■ **Task objective**
The entries below contain a line with "Ein Fleck mit" and a line with "주소 Robert J.". Quote exactly those two lines and all lines between them.

■ **Data under study**
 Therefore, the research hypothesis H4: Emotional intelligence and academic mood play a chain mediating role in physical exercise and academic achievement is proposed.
==
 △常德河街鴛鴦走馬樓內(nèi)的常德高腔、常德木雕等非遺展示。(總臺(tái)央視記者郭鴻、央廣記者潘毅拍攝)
---
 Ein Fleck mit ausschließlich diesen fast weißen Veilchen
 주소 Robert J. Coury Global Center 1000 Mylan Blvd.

■ **Completed exercise**
 Ein Fleck mit ausschließlich diesen fast weißen Veilchen
 주소 Robert J. Coury Global Center 1000 Mylan Blvd.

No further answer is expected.